One statement from the summit captured that burden well: the church must move “from numbers to souls.” That is an important distinction in an age increasingly shaped by metrics, visibility, and platform culture. Scripture never treats people as data points. Christ shepherds sheep by name. He does not merely gather crowds; He forms disciples.
This emphasis also shaped the summit’s presentation of the JRAM Membership Pathway, which outlined a process of discipleship from newcomer to volunteer, servant-leader, pastoral intern, and eventually pastoral leadership. The aim was not institutional ladder-climbing but intentional spiritual formation within accountable Christian community. In a ministry climate where many churches struggle to cultivate long-term leadership pipelines, the summit repeatedly stressed the importance of relational discipleship rather than passive attendance.
The concern for the next generation was especially striking. Drawing from Judges 2, Senior Pastor Aldrin Navo warned how quickly spiritual heritage can disappear: “It takes only one generation to lose a spiritual legacy.” That observation carries unusual weight today. Churches often assume doctrinal fidelity will naturally transfer to the next generation. Scripture suggests otherwise. Faithfulness must be taught, modeled, defended, and embodied repeatedly.

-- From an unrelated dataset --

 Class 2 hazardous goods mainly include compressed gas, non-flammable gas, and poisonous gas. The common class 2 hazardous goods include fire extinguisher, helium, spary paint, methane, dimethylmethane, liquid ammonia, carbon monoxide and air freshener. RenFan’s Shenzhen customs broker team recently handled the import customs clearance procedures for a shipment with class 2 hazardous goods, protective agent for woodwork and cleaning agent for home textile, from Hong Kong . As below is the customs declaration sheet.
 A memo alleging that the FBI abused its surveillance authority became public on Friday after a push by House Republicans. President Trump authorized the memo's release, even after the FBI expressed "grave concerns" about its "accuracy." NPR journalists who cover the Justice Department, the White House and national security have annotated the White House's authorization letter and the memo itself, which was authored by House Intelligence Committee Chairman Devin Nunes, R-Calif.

“It takes only one generation to lose a spiritual legacy.”
– JRAM Senior Pastor Aldrin Navo
The summit’s strongest moments came not during strategic planning discussions, however, but during its reminders of dependence upon God. JRAM Education Pastor Genis Misola reflected candidly on personal trials, pressures, and suffering within his family. Rather than presenting ministry leadership triumphantly, he spoke openly about vulnerability, prayer, and learning again that “only God is completely trustworthy.”

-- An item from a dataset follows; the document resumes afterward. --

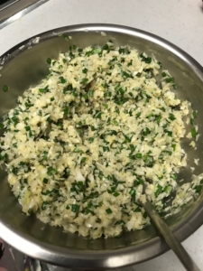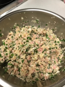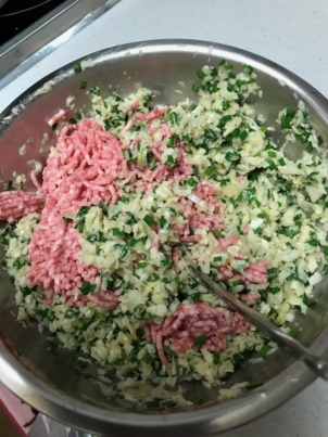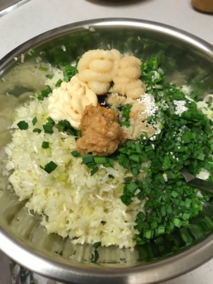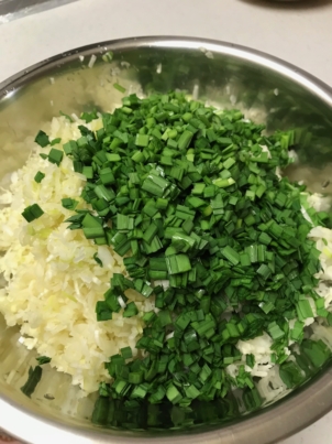 2.ネギ、ニラもみじん切りにして絞ったキャベツと合わせる。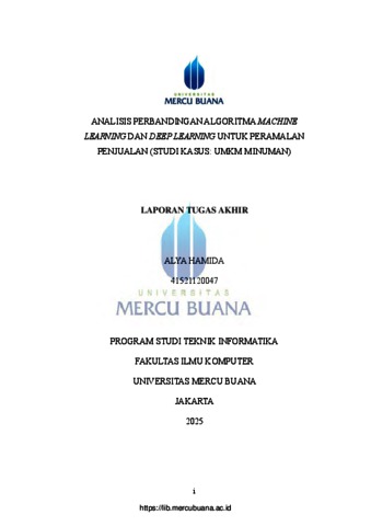 HAMIDA, ALYA (2025) ANALISIS PERBANDINGAN ALGORITMA MACHINE LEARNING DAN DEEP LEARNING UNTUK PERAMALAN PENJUALAN (STUDI KASUS: UMKM MINUMAN). S1 thesis, Universitas Mercu Buana.

That honesty mattered because ministry leaders are often tempted to trust methods more than the Lord who alone gives growth. Churches can become so consumed with execution, expansion, and optimization that they quietly drift into functional self-reliance. Yet throughout Scripture, God repeatedly brings His people into wilderness seasons precisely to teach them dependence upon Him.
The summit also challenged leaders to think carefully about mission. One session emphasized that the church is not called merely to maintain programs but to send people into the world as ambassadors of Christ. “We are not called to build our own mission,” JRAM Asia Executive Pastor Edith Mendoza said. “We are called to join God’s mission.”

MISSIO DEI
“We are not called to build our own mission.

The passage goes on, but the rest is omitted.